How event-driven architecture turns operational signals into coordinated digital response.
July 2, 2026

Event-Driven Architecture (EDA) can feel abstract until you compare it to something plant teams already understand, like their Process Control System. A Distributed Control System (DCS) continuously senses, interprets, acts, and records. EDA applies a similar pattern at the digital operations layer, where the signals are not only voltages and currents, but events.

 

EDA Patterns

Many EDA patterns have direct analogs in the way a DCS senses, contextualizes, controls, and records process behavior.

Event notification is the first example. When a process changes, a transducer senses it and adjusts the electrical signal to the DCS. In EDA, when an event-generating source publishes to the system, delivery to consumers should be nearly instantaneous. Consumers should know without waiting for a batch job, manual entry, or scheduled poll. An alarm, material movement, batch milestone, exception, equipment state change, or quality result can all become events, much like I/O in a DCS.

Streaming extract, transform, and load, or streaming ETL, is another. A control system interprets electrical signals as process parameters. A transmitter may produce a voltage or current, but the control system must scale, contextualize, and validate that signal in real time. Streaming ETL does the same for operations data: it transforms events in flight, so downstream consumers receive context, not raw noise.
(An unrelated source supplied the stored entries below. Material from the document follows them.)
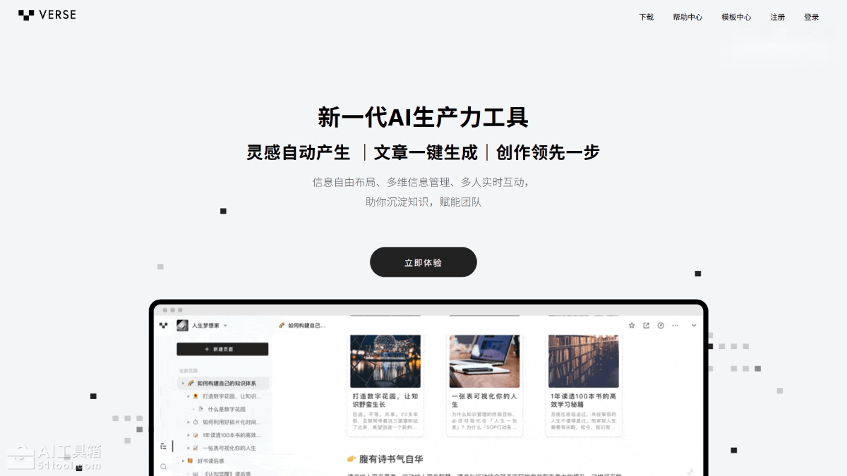 Verse 是印象笔记推出的集成了 AI 技术的写作与文档管理工具。支持信息自由布局与多维标签管理,用户可以通过自由拖拽元素实现个性化信息布局,通过多维标签体系与全端搜索功能,实现碎片化信息的结构化存储。Verse 的 AI 写作辅助功能强大,能智能生成文章框架、自动提炼灵感,提供会议纪要、公文假条、小说作文、工作日报、新闻稿、广告创作等多场景内容智能生成。用户只需在页面中点击“AI 帮我写”,输入想要创作的标题或简要描述可快速生成文字内容。Verse 支持多人实时协作,实时查看彼此的修改内容,进行讨论和沟通。实现与印象笔记家族产品的数据互通及实时同步,覆盖桌面端、移动端和网页端等多种平台,用户可以在不同设备上随时随地访问和使用。
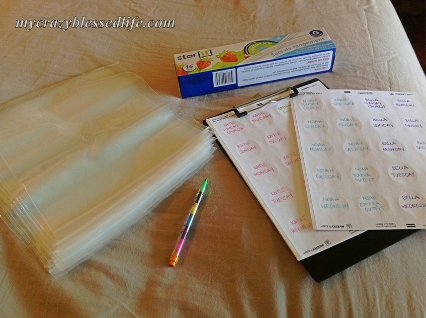 I use gallon size plastic zipper bags and as I mentioned before that I used a colored pencil in different colors for each kid. I could have printed the labels, but I was out of colored ink and it is so much faster for me to write them really quick than design the labels.
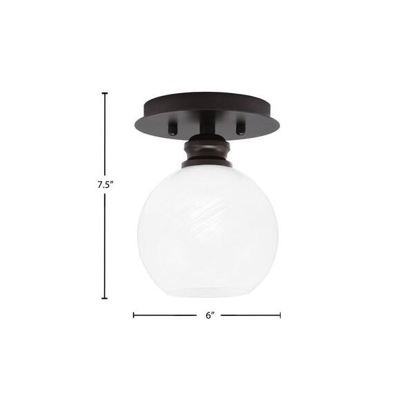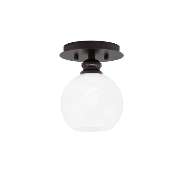 Albany 1-Light 6 in. Espresso Semi-Flush with White Marble Glass Shade
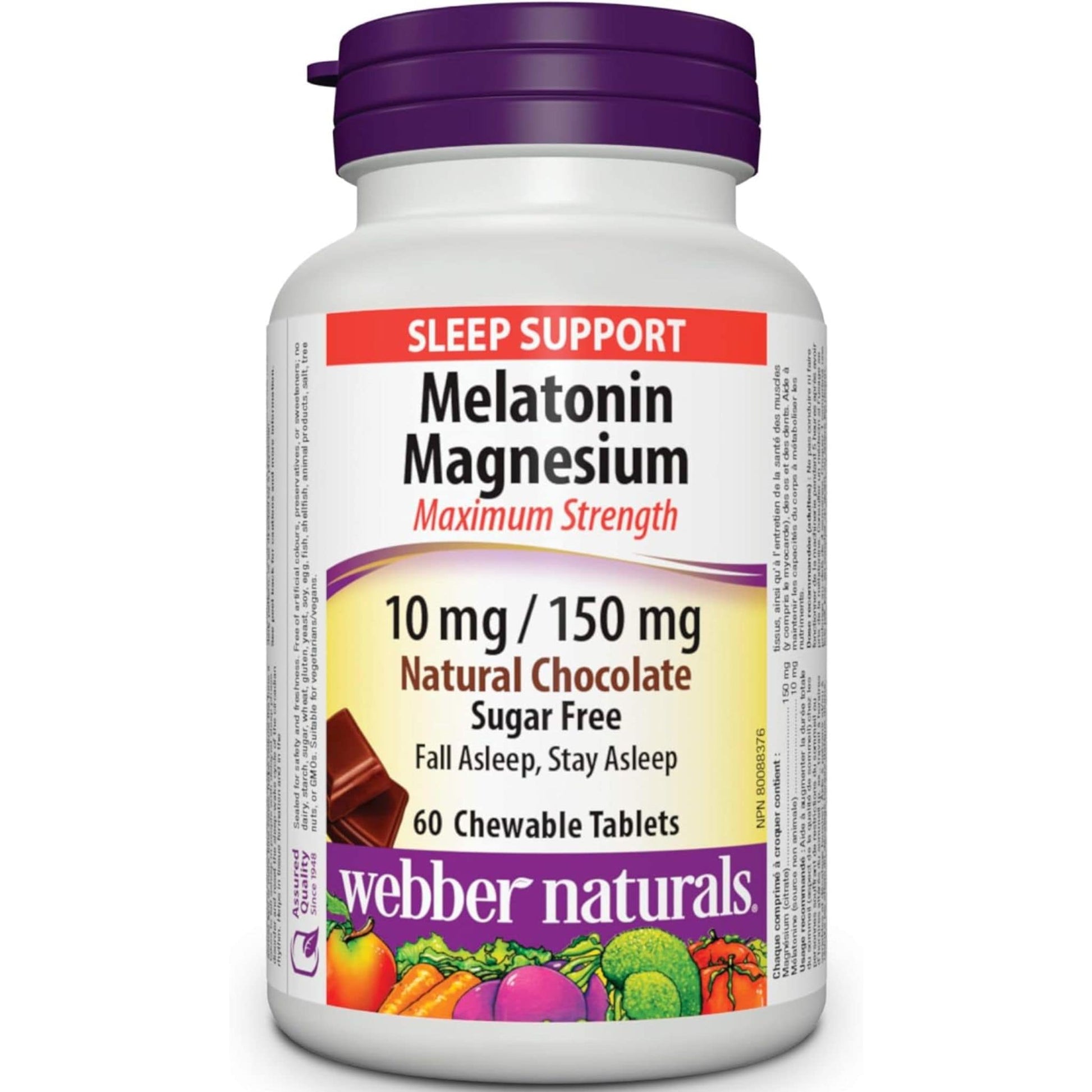 Webber Naturals Melatonin Magnesium, 10mg /150mg, Sugar Free, 60 Chewable Tablets

Stream processing works the same way advanced process control does. Feedforward, cascade control, and model predictive control all depend on understanding multiple signals together and selecting the best action from a cohesive view of state. Stream processing does that with events by aggregating, correlating, detecting patterns, and triggering new actions while the process is still unfolding.

Process choreography is the digital equivalent of an integrated plant DCS. A signal from one unit operation can influence an upstream or downstream unit because the control strategy was designed for the plant as a system, not as isolated equipment. In EDA, choreography means each system reacts to the events it cares about without requiring a central coordinator.

Event sourcing is EDA’s process historian. The current value on a supervisory control and data acquisition, or SCADA, screen tells you where the process is now. The historian tells you how it got there. In EDA, the event store serves the same purpose: every event is an immutable record, and current state can be reconstructed by tracing events through time.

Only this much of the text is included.